+++ PROVIDED ENTRIES

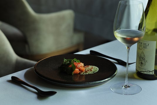スモークを纏わせたサーモンに合わせるのは、りんごや洋梨を思わせる果実の香りと、際立つミネラル感が特徴のソーヴィニヨン・ブランです。フレッシュで軽やかな果実味が、いくらとヨーグルトを合わせたまろやかなソースや、ゆずの香りを添えたクレソンサラダと響き合い、味わいに奥行きをもたらします。ミネラルの清らかな余韻がサーモンの旨みを引き立て、爽やかさとまろやかさが調和するペアリングです。
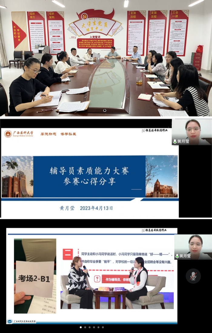 备赛期间,为增进参赛辅导员对大赛规则和赛程安排的了解,会务组召开赛前培训会,邀请第十一届广西高校辅导员素质能力大赛二等奖获得者、williamhill官方网站辅导员黄月莹老师进行线上专题分享,详细介绍了基础知识测试、谈心谈话和案例研讨的赛制规则,并分享备赛心得,传授应试技巧。
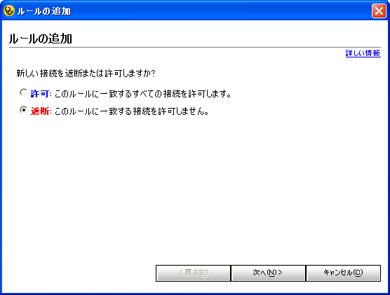 - [遮断] をクリックしてから [次へ] をクリックします。
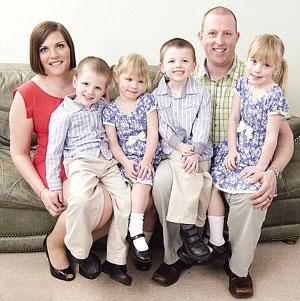 鲍登(左)和安迪(右2)与两对龙凤胎在一起
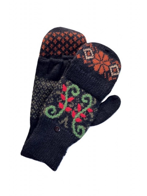 Nuestra Alpaca Glittens – Fleeced lined – Our classic alpaca glittens (glove/mitten) have lots of details including hand embroidery, a flap that when used becomes a mitten. The flap has a loop on the end and there is a button on the wrist so that when you are not using the flap you can button it and the flap is out of the way. This beautiful glitten coordinates with an ear flap hat in this section of the website. Jacquard knit in 50% Alpaca and 50% Acrylic in a floral design. Hand wash cold water, mild soap, lay flat to dry. Fair Trade from Peru.
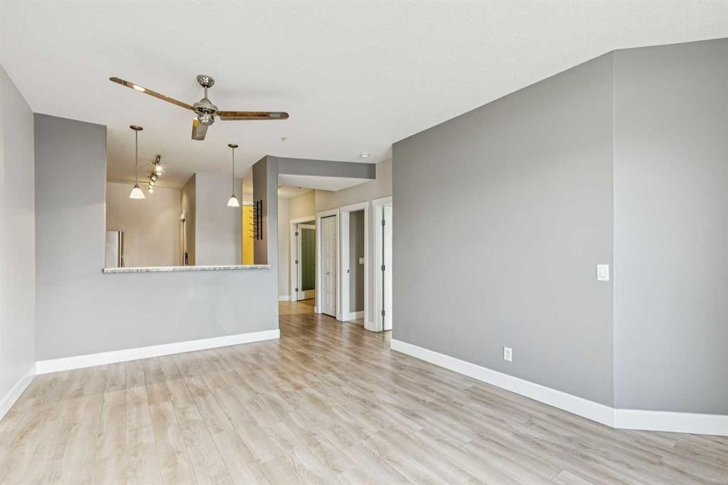 Welcome to Bella Citta! This top floor unit with unobstructed downtown views is located in an impeccably maintained building in the heart of Bridgeland. Enjoy granite tile counters, stainless steel appliances, full size pantry, with a separate dining area and spacious living room featuring upgraded flooring, gas fireplace and in suite laundry. Large master with walk-through ensuite which features an over-sized soaker tub, upgraded shower and sink faucets. Need more space? Use the den as an office, guest bedroom, or extra storage for your bike or workout equipment. Professionally completed upgrades include: high-profile baseboards, top of the line laminate (with board approved underlay), wardrobe in den and built-in closet organizers. Located within walking distance to shops, services and trendy restaurants. LRT is close and convenient. This is the best unit in the complex! Complete with underground parking and a storage unit. Clean and well maintained. One of a kind! You will take pride in calling this place home.
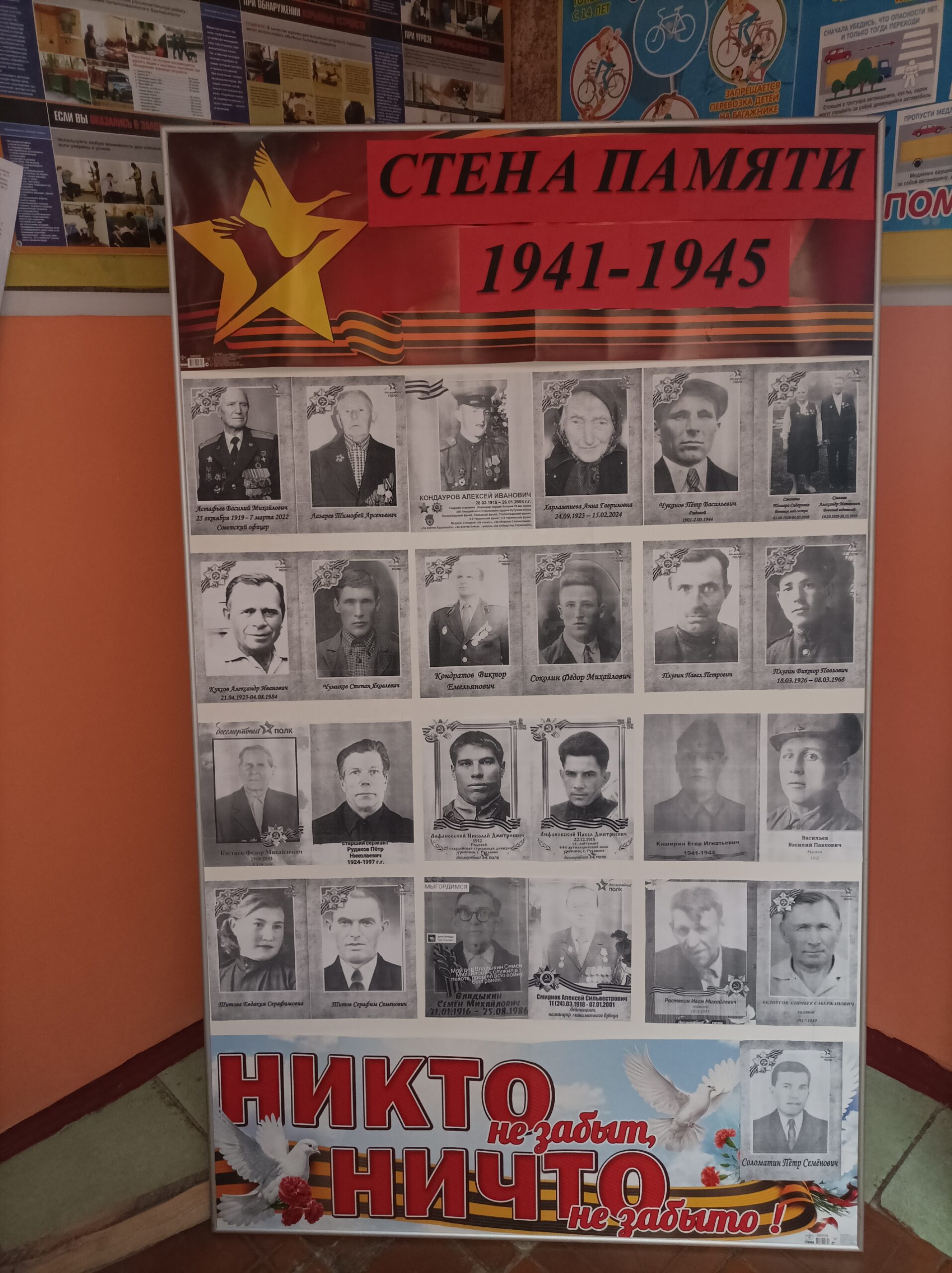 «Стена памяти» организуется на предприятиях, в учреждениях и школах. Там взрослые и дети размещают портреты своих родственников, участвовавших в Великой Отечественной войне.
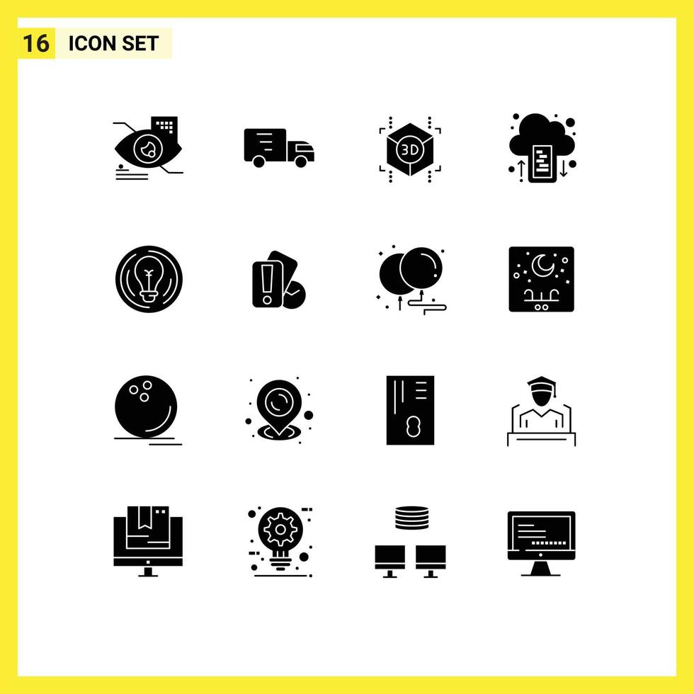 Set of 16 Vector Solid Glyphs on Grid for circle bulb cube upload drive Editable Vector Design Elements
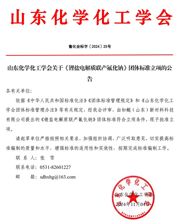 山東化學化工學會關于《鋰鹽電解質聯產氟化鈉》團體標準立項的公告
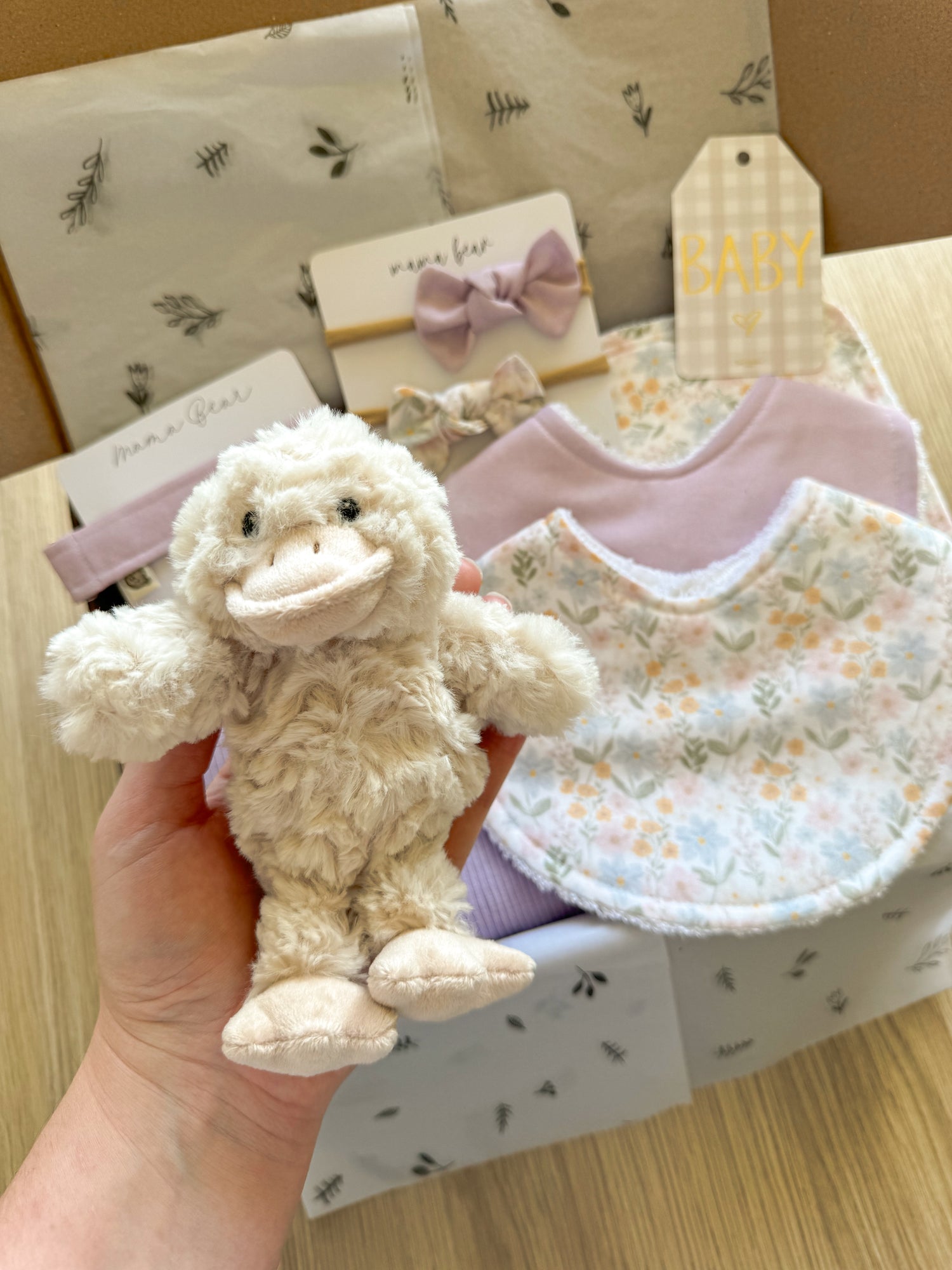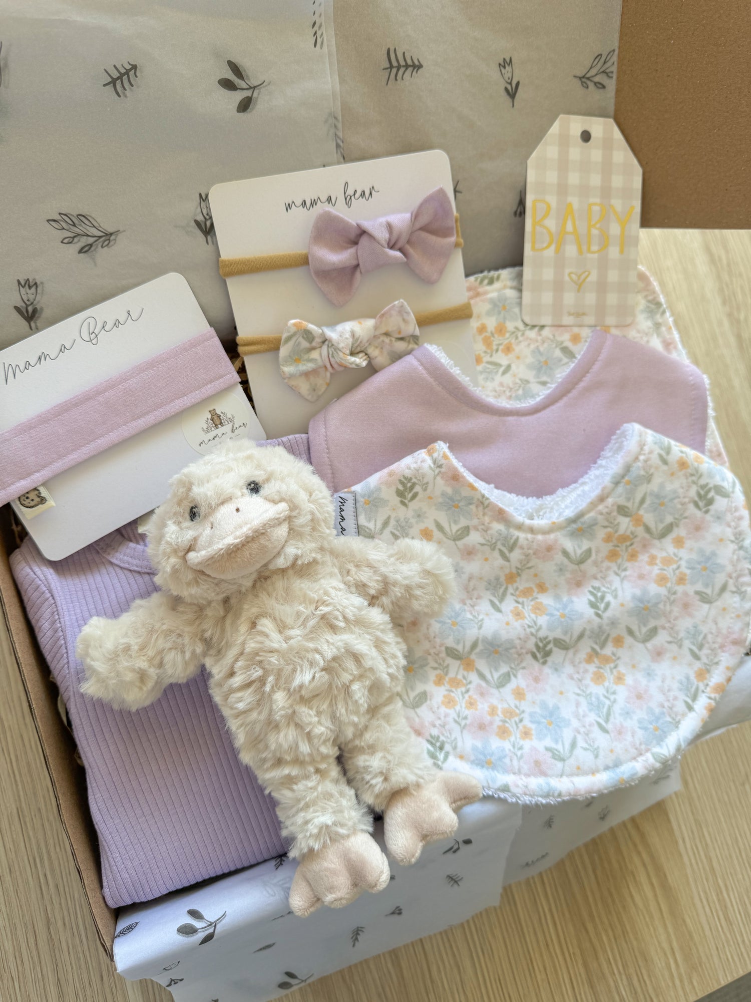 Lilac and floral hues are my favourite! Perfect for a baby shower or unique newborn gift, this giftbox is a refreshing take on the traditional pink palette. Plus you have the option to personalise the dummy clip with baby's name.

++++++

* **PROBLEM DESCRIPTION**
An exact reproduction of the data above is required, with every picture removed.

* **RESPONSE BELOW**
スモークを纏わせたサーモンに合わせるのは、りんごや洋梨を思わせる果実の香りと、際立つミネラル感が特徴のソーヴィニヨン・ブランです。フレッシュで軽やかな果実味が、いくらとヨーグルトを合わせたまろやかなソースや、ゆずの香りを添えたクレソンサラダと響き合い、味わいに奥行きをもたらします。ミネラルの清らかな余韻がサーモンの旨みを引き立て、爽やかさとまろやかさが調和するペアリングです。
 备赛期间,为增进参赛辅导员对大赛规则和赛程安排的了解,会务组召开赛前培训会,邀请第十一届广西高校辅导员素质能力大赛二等奖获得者、williamhill官方网站辅导员黄月莹老师进行线上专题分享,详细介绍了基础知识测试、谈心谈话和案例研讨的赛制规则,并分享备赛心得,传授应试技巧。
 - [遮断] をクリックしてから [次へ] をクリックします。
 鲍登(左)和安迪(右2)与两对龙凤胎在一起
 Nuestra Alpaca Glittens – Fleeced lined – Our classic alpaca glittens (glove/mitten) have lots of details including hand embroidery, a flap that when used becomes a mitten. The flap has a loop on the end and there is a button on the wrist so that when you are not using the flap you can button it and the flap is out of the way. This beautiful glitten coordinates with an ear flap hat in this section of the website. Jacquard knit in 50% Alpaca and 50% Acrylic in a floral design. Hand wash cold water, mild soap, lay flat to dry. Fair Trade from Peru.
 Welcome to Bella Citta! This top floor unit with unobstructed downtown views is located in an impeccably maintained building in the heart of Bridgeland. Enjoy granite tile counters, stainless steel appliances, full size pantry, with a separate dining area and spacious living room featuring upgraded flooring, gas fireplace and in suite laundry. Large master with walk-through ensuite which features an over-sized soaker tub, upgraded shower and sink faucets. Need more space? Use the den as an office, guest bedroom, or extra storage for your bike or workout equipment. Professionally completed upgrades include: high-profile baseboards, top of the line laminate (with board approved underlay), wardrobe in den and built-in closet organizers. Located within walking distance to shops, services and trendy restaurants. LRT is close and convenient. This is the best unit in the complex! Complete with underground parking and a storage unit. Clean and well maintained. One of a kind! You will take pride in calling this place home.
 «Стена памяти» организуется на предприятиях, в учреждениях и школах. Там взрослые и дети размещают портреты своих родственников, участвовавших в Великой Отечественной войне.
 Set of 16 Vector Solid Glyphs on Grid for circle bulb cube upload drive Editable Vector Design Elements
 山東化學化工學會關于《鋰鹽電解質聯產氟化鈉》團體標準立項的公告
 Lilac and floral hues are my favourite! Perfect for a baby shower or unique newborn gift, this giftbox is a refreshing take on the traditional pink palette. Plus you have the option to personalise the dummy clip with baby's name.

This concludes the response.